Different Species With The Same "Junk DNA"



The Short Summary

The example below shows that two patterns have been found in the genetics of both cows and whales. Neither pattern is found in mice and horses. This implies that cows and whales inherited them from a common ancestor. I discuss how scientists checked if it was just a coincidence.


The Basic Idea

Most of your DNA is "junk". We call it that because the DNA sequence inside a "junk" region is never used to form a protein. The junk isn't after a Start codon, or else is right after a Stop codon, so the gene expression mechanisms simply never look at the junk. They skip over it. There is also "junk" which is inside a gene, but which is ignored when the gene is used. The details are complicated, but if you are interested, see Section Two of this Talk.Origins FAQ.

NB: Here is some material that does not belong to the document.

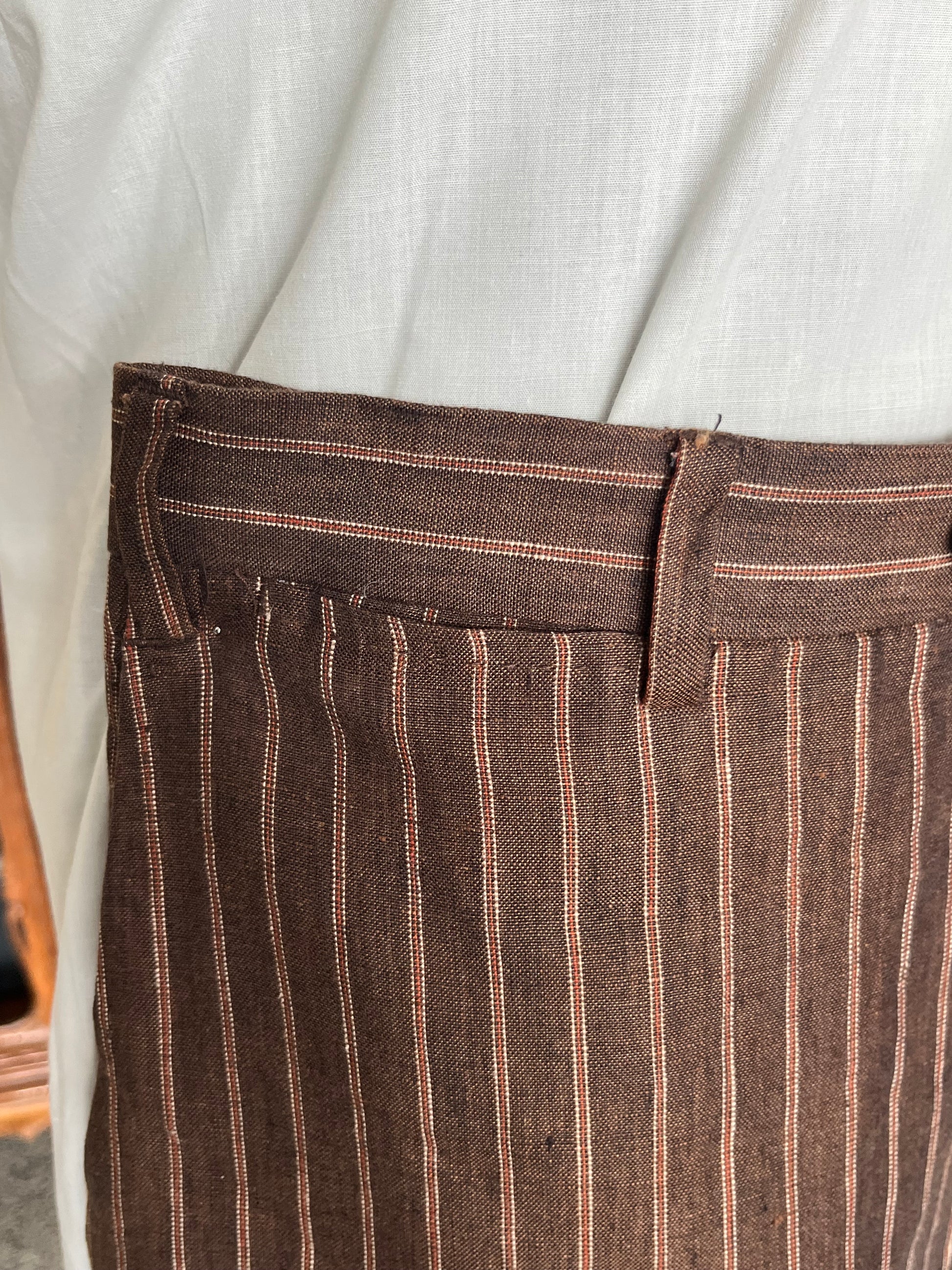 Il tessuto è un 100% puro lino, di uno stupendo color cacao gessato di arancio. Ideale dunque per l’estate e le temperature più calde.

Junk DNA is inherited. Suppose we find a pattern in the junk DNA of two different species, and don't find that pattern in other species. Evolution can explain the situation by saying that the two species recently had a common ancestor, and both species inherited this pattern from their ancestor. In short, evolution suggests the family tree:

                ====================== species A without the pattern
                |
 common         |
 ancestor ======|                  ====== species B with the pattern
 species        |   common         |
of A, B and C   ====ancestor===X===|
                    species        |
                   of B and C      ====== species C with the pattern

"X" marks where the pattern arose.

To the best of my knowledge, Creationism does not predict or explain such situations. Since the pattern is in the junk, one cannot argue that the pattern confers any short-term benefit or meets any need.

Of course, coincidences do happen. In the example below, I discuss how scientists checked to see if the pattern they'd found was meaningful or not.


An Example: Whales and Cows

You may have heard that the AIDS virus copies itself into its host's DNA. It can do this because there is a "reverse transcription" mechanism which leaves a so-called retroposon at some randomly chosen place in your DNA. There is a category of retroposon called a SINE (Short INterspersed Element).

A recent study found two different SINEs were present in the Hippopotamus, Cow, Sperm Whale, and Humpback Whale. Neither SINE was in the Red Kangaroo, Human, Mouse, Cat, Asiatic Elephant, Domestic Horse, Pig, or Bactrian Camel. This suggests the family tree

              ========================= kangaroos, mice, etc
              |
  common      |
 ancestor ====|                   ===== cetaceans (whales,dolphins)
              |      common       |
              ======ancestor======|
                  that had the    |==== ruminants (deer, cows, sheep)
                  two reverse     |
                  transcriptions  |
                                  ===== hippopotamus

There are a number of ways to check if this is really the case. The first question is whether the patterns are just some random fluctuation of junk DNA. Randomness is ruled out for at least four different reasons.

Next, we have to ask if a retrovirus could have just infected several species. This also can be ruled out.

Next, we ask if the conclusion is believable. Could a land animal have evolved into a whale? The answer is that the land ancestry of whales is a century-old idea, and well-proven without this new line of evidence. The ancestry was originally suggested based on the fact that whales are mammals, with a placenta and live birth and mother's milk. The idea is confirmed (for example) by mitochondrial DNA similarities, by protein similarities, and by fossils of small whales with legs. Also, whales with vestigial hind legs are sometimes born.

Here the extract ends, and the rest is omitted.